Exercise brief: Instruction for the data below: set down exactly the lines from the line with "עיריית רחובות והחברה" to the line with "На рис. 2 приведены", inclusive, and no others.

Extracted records:
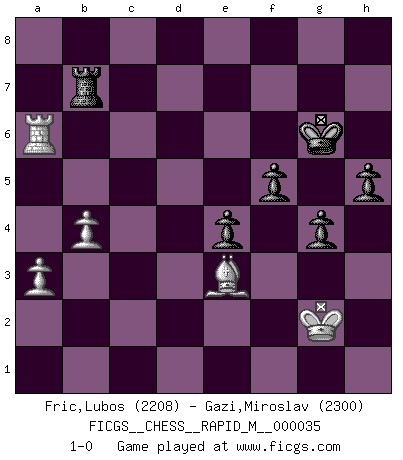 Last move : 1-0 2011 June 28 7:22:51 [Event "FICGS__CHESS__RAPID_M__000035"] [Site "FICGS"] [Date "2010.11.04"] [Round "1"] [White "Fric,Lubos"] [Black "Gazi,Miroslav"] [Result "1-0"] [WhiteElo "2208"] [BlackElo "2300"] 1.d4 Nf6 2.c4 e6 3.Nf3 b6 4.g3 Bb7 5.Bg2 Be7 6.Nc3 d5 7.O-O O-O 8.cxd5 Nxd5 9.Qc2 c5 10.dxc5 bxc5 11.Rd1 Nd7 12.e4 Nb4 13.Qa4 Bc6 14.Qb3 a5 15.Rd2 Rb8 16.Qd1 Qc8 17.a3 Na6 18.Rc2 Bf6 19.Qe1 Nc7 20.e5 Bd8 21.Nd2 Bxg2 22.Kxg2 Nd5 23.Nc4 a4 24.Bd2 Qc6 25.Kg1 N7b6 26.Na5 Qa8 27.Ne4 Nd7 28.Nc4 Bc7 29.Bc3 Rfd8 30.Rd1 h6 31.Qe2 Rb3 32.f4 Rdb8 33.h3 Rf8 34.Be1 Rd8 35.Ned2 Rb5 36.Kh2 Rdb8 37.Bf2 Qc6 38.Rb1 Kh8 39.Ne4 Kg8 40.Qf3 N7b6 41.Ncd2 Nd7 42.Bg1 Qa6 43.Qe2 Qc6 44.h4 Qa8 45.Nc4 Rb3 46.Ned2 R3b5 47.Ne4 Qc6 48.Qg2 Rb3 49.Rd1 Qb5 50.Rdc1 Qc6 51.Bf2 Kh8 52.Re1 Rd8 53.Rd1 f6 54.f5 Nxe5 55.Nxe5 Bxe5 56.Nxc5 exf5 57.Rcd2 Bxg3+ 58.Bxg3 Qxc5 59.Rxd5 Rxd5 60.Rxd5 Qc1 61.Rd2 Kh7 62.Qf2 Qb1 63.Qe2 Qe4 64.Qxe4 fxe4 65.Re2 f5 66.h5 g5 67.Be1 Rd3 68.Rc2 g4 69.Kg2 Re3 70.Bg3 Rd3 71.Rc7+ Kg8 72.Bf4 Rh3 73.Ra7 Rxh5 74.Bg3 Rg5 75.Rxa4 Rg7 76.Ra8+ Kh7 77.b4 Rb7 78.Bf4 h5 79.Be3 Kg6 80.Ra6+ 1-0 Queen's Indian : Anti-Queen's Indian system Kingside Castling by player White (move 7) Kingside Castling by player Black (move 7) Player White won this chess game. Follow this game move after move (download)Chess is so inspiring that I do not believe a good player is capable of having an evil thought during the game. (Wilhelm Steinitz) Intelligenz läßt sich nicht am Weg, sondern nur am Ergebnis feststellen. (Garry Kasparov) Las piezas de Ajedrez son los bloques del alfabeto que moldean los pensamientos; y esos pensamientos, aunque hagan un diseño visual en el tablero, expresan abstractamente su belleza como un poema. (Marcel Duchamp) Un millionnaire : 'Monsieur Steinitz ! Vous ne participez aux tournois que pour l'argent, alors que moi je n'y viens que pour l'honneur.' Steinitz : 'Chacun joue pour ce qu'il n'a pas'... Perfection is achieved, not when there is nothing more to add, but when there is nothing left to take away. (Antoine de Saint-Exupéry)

...

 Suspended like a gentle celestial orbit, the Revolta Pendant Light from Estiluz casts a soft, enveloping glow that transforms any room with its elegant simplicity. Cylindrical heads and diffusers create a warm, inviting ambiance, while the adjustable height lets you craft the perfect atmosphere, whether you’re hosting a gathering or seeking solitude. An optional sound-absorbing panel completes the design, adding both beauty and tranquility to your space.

==

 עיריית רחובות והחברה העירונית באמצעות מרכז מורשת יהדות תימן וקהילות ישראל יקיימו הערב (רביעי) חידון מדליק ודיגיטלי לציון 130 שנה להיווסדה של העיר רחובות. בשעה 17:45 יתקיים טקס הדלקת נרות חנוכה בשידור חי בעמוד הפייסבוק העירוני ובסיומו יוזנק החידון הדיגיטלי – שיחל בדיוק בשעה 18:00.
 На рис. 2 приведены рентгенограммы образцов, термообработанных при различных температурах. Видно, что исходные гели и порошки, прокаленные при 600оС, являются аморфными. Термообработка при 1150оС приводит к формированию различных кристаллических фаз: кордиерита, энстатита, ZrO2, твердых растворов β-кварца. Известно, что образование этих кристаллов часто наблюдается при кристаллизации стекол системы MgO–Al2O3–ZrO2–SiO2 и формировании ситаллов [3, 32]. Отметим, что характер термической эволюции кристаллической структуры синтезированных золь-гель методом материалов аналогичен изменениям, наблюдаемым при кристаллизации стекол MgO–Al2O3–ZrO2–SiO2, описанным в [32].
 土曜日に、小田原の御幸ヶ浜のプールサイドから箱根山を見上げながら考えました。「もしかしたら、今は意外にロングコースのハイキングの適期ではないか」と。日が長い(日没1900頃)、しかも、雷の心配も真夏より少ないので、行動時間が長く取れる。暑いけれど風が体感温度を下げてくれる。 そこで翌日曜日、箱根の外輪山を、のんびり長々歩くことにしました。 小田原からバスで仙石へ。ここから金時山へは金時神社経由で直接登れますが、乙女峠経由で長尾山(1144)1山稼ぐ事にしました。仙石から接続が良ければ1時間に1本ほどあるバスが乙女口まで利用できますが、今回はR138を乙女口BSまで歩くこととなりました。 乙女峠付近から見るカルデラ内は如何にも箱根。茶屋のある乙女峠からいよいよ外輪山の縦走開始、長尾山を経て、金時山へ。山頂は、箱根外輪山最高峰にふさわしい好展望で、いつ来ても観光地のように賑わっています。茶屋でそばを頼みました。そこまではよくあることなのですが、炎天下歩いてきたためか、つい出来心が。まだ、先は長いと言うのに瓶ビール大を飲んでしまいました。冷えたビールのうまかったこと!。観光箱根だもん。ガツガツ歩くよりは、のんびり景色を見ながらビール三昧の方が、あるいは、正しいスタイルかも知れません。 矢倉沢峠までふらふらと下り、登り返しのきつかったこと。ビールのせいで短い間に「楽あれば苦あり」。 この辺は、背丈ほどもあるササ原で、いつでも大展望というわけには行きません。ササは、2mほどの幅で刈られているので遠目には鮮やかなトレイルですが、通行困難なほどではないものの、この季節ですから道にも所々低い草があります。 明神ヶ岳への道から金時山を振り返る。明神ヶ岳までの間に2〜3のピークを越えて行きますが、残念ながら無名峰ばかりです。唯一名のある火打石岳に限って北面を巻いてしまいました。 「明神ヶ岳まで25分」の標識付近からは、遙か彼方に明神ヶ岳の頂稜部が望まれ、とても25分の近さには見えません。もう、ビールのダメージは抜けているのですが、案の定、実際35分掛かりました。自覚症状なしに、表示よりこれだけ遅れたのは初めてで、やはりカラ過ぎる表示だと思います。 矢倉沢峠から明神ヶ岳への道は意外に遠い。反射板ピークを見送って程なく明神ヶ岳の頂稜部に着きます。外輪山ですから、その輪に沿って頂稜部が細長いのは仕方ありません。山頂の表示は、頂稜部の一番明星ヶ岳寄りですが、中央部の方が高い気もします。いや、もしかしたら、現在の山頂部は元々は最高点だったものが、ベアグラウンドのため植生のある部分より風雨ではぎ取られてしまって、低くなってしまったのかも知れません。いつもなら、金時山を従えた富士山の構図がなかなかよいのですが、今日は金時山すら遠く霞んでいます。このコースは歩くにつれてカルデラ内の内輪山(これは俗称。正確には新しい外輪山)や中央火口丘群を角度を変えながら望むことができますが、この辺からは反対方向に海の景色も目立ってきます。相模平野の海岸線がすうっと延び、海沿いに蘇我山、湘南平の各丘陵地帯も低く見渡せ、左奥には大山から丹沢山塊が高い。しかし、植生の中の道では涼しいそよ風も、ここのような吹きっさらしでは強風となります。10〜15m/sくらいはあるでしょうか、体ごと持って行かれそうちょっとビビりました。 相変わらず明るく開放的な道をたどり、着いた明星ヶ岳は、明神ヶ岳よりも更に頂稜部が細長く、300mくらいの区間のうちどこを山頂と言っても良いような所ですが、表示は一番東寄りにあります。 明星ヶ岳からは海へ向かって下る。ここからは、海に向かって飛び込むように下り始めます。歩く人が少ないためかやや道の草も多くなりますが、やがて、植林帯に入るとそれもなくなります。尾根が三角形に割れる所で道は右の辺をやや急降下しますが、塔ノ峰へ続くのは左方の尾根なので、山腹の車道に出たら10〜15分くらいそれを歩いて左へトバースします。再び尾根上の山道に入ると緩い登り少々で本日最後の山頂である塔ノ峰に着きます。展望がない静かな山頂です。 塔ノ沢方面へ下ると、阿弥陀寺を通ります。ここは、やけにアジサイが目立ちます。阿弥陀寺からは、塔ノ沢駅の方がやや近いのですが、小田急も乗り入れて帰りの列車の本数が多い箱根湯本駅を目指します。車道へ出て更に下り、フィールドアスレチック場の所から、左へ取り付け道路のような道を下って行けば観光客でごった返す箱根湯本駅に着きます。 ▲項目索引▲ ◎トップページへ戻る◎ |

Result:
 עיריית רחובות והחברה העירונית באמצעות מרכז מורשת יהדות תימן וקהילות ישראל יקיימו הערב (רביעי) חידון מדליק ודיגיטלי לציון 130 שנה להיווסדה של העיר רחובות. בשעה 17:45 יתקיים טקס הדלקת נרות חנוכה בשידור חי בעמוד הפייסבוק העירוני ובסיומו יוזנק החידון הדיגיטלי – שיחל בדיוק בשעה 18:00.
 На рис. 2 приведены рентгенограммы образцов, термообработанных при различных температурах. Видно, что исходные гели и порошки, прокаленные при 600оС, являются аморфными. Термообработка при 1150оС приводит к формированию различных кристаллических фаз: кордиерита, энстатита, ZrO2, твердых растворов β-кварца. Известно, что образование этих кристаллов часто наблюдается при кристаллизации стекол системы MgO–Al2O3–ZrO2–SiO2 и формировании ситаллов [3, 32]. Отметим, что характер термической эволюции кристаллической структуры синтезированных золь-гель методом материалов аналогичен изменениям, наблюдаемым при кристаллизации стекол MgO–Al2O3–ZrO2–SiO2, описанным в [32].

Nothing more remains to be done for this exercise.